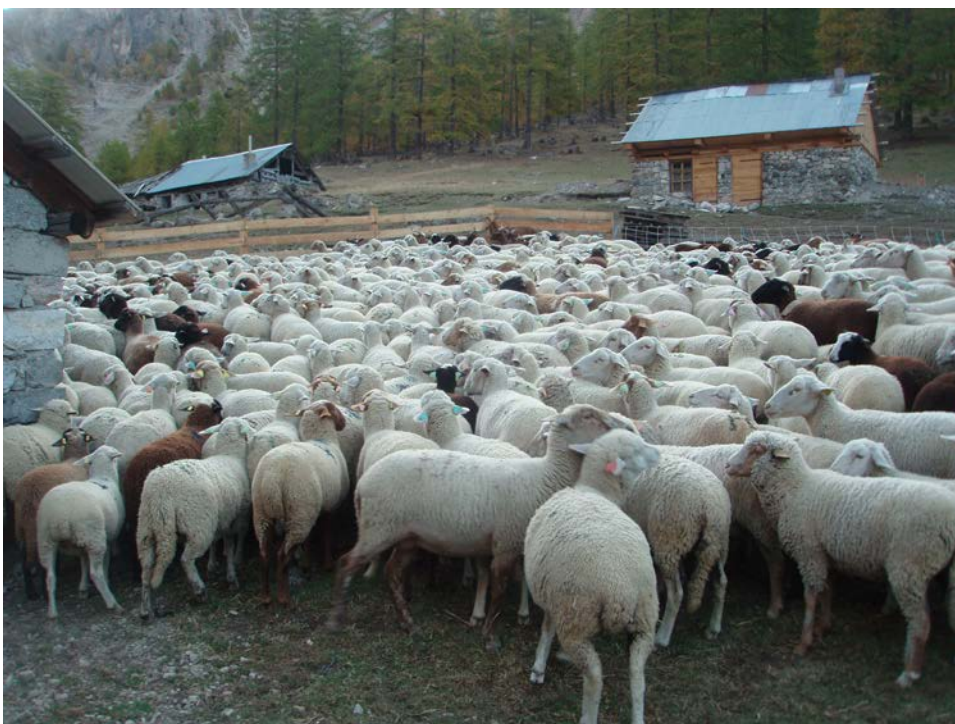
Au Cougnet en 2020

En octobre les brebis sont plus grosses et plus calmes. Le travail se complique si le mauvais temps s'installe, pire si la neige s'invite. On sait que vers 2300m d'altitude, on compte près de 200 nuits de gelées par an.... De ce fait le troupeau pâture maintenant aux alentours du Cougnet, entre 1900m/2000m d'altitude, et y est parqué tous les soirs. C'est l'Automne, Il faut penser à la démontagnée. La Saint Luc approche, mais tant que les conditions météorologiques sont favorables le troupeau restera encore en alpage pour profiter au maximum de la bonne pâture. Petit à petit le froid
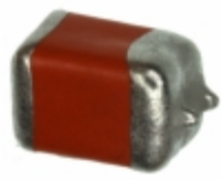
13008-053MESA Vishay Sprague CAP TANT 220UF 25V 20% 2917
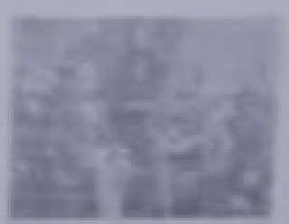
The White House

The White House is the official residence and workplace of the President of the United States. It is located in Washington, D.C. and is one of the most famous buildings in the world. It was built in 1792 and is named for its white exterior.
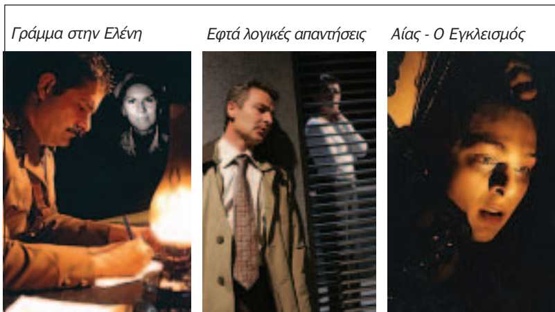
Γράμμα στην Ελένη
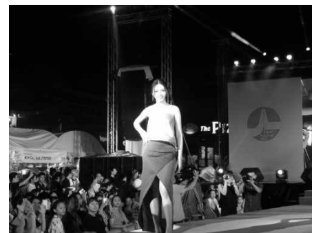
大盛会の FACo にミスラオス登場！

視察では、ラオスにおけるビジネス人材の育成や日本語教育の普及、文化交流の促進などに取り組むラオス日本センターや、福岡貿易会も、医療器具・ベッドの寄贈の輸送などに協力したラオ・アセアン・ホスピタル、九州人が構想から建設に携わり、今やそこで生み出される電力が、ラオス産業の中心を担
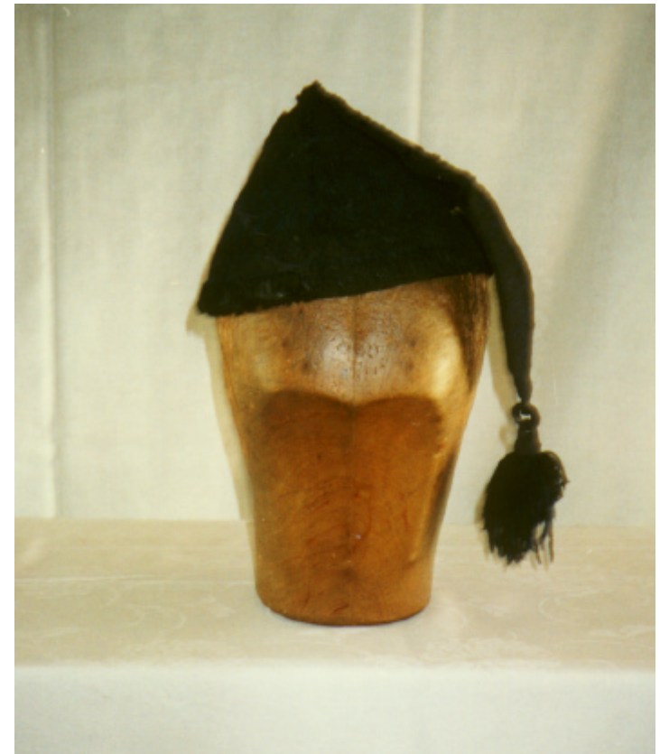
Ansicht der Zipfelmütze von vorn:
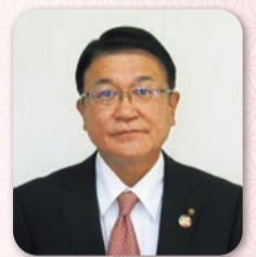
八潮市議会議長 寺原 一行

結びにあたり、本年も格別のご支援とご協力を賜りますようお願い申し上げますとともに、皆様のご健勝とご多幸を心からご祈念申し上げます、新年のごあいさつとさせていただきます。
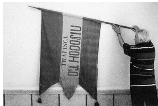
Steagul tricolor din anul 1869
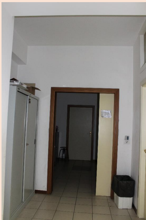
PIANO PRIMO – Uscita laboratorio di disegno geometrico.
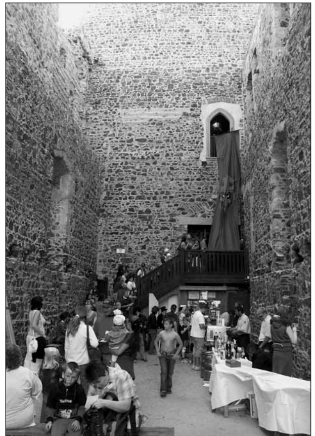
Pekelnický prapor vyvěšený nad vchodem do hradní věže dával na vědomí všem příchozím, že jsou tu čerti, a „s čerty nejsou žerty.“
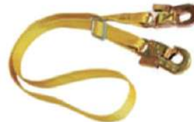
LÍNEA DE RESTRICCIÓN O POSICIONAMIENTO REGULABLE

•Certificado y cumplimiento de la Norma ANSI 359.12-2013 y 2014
• • •
**Task description:** Copy whichever lines above contain the string "House".

**Task solution:**
The White House
The White House is the official residence and workplace of the President of the United States. It is located in Washington, D.C. and is one of the most famous buildings in the world. It was built in 1792 and is named for its white exterior.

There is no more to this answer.